Thursday, July 7, 2016

Cassette Review: Damián Anache "Capturas del Único Camino" (US Version) (Already Dead Tapes and Records)


[$5 // Edition of 100 // https://alreadydeadtapes.bandcamp.com/album/ad202-dami-n-anache-capturas-del-nico-camino-us-version]

To show you how diverse a label such as Already Dead is (Which you should really already know by now) we go from the beats of DarkoTheSuper to Future Slum to what can only be described on this cassette as minimal and ambient.    The fact that a label can stretch from genre to genre just makes me like it that much more because it shows that it isn't going to limit itself by labels but rather just release music which they enjoy and hope that you enjoy as well.   It's like I've said since I was maybe fifteen years old-- good music is good music and so I'll never say "I don't like country" or "I don't like classical" because it's just a matter of not hearing something you like yet.

We begin with the sounds of the dark, deep sea.   It's guitars tuning in the notes and piano keys deliberately struck.    A desolate sound can bring out little feelings of The X-Files and bursts of sharpness can come through louder and louder.   It's almost as if the music is trying to gently soothe you to sleep, only to wake you up at certain times as if to say, "Not yet".   I imagine it as being a classroom for some reason- the students are bored by the lecture and so the teacher will occasionally drop a book or smack the chalkboard with a ruler.

A sound which could be described as a trained throat singing comes through but it might be a different instrument.   Space whirrs lead to heavy breathing and it does sound like it has gone from being underwater (or elsewhere) into space for that reason.   Whenever you think of that "One small step for mankind" line from space you always have to imagine the breathing within it-- kind of like Darth Vader only not.

On the flip side there are more of these sort of electronics sounds with sonar blips.   Ringing guitars and some sharpness come through when it is not otherwise calm.    At first I can hear the sounds of water drops but then it ends up just sounding like running water, as if we are near a stream perhaps.     It makes me wonder if we weren't in space and some other planet searching for a source of water this entire time and that, by the end, is what we find.
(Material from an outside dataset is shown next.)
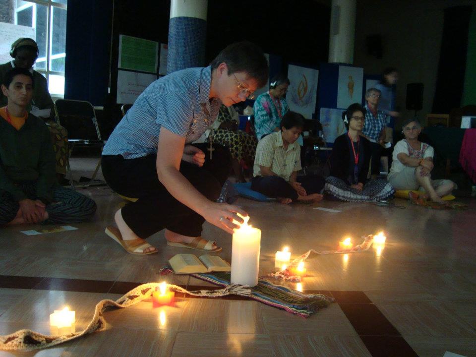 I have washed the feet of my sister who believed in me enough to give me a chance to translate at an international meeting; I have sat at table with a community from five countries and shared both the nourishment of a meal and the nourishment of stories.  I had a mango hedgehog on my plate for breakfast, bats come to dinner, and two hummingbirds flying together closer than arms length in front of me.  I’ve been two weeks with an incredibly international group of over forty of my sisters, listened in and spoken in two different languages at the same time, and traveled by bus under three different names, none my own.  I have been too tired to know what language I was speaking, lost in the midst of conversations, and panicked on a train.  I have been welcomed for who I am, been extended the precious gift of friendship, and invited to share what I love.  I have played drums and ping-pong and tapped a message on a wall.  I have been witness to new life and hope, made mistakes, and hurt a friend.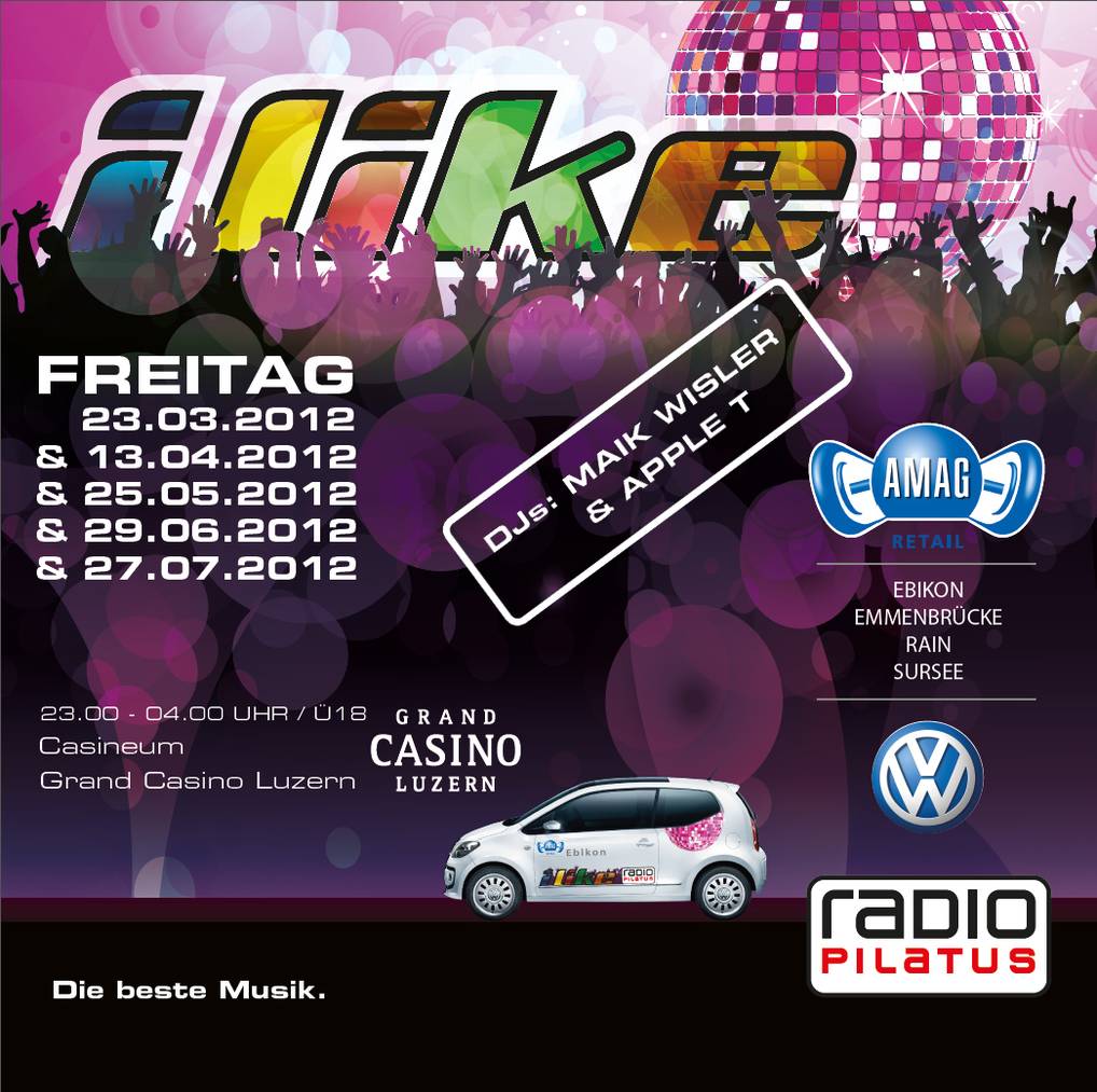 Die nächsten Parties der iLike- und der Ü30 Popkeller-Serie sowie die Primavera-Party 2012 werden besonders speziell. Die AMAG Retail Ebikon, Emmenbrücke, Rain und Sursee übernehmen in diesem Jahr mit dem neuen VW up! Das Hauptsponsoring der Radio Pilatus-Parties. Am Lancierungsevent am 24. Februar werden an der iLike im Casineum Grand Casino Luzern erneut die Matchless Dancers auftreten. Ausserdem gibt Gast-DJ Patrick Nuo sein Set zum Besten. Der internationale Pop-Star wird während rund einer Stunde seine Lieblings-Hits auflegen. Die Resident-DJ’s der iLike, Maik Wisler und Apple-T, werden das Programm abrunden und wie immer das Casineum rocken. Auch an der Ü30 Popkeller-Party wird nebst den Club Gangsters ein Special-Guest-DJ präsent sein.

And perhaps that is the best quality of this cassette: you can certainly think of it as a choose-your-own-adventure style piece of music where each listen can provide a different story.   Even after your own first time listening to this (or reading how I imagine it) you might think to yourself, "No, I don't hear that now.  Instead I hear..." and then come up with your own ideas.    Music that makes you think is always tops in my book.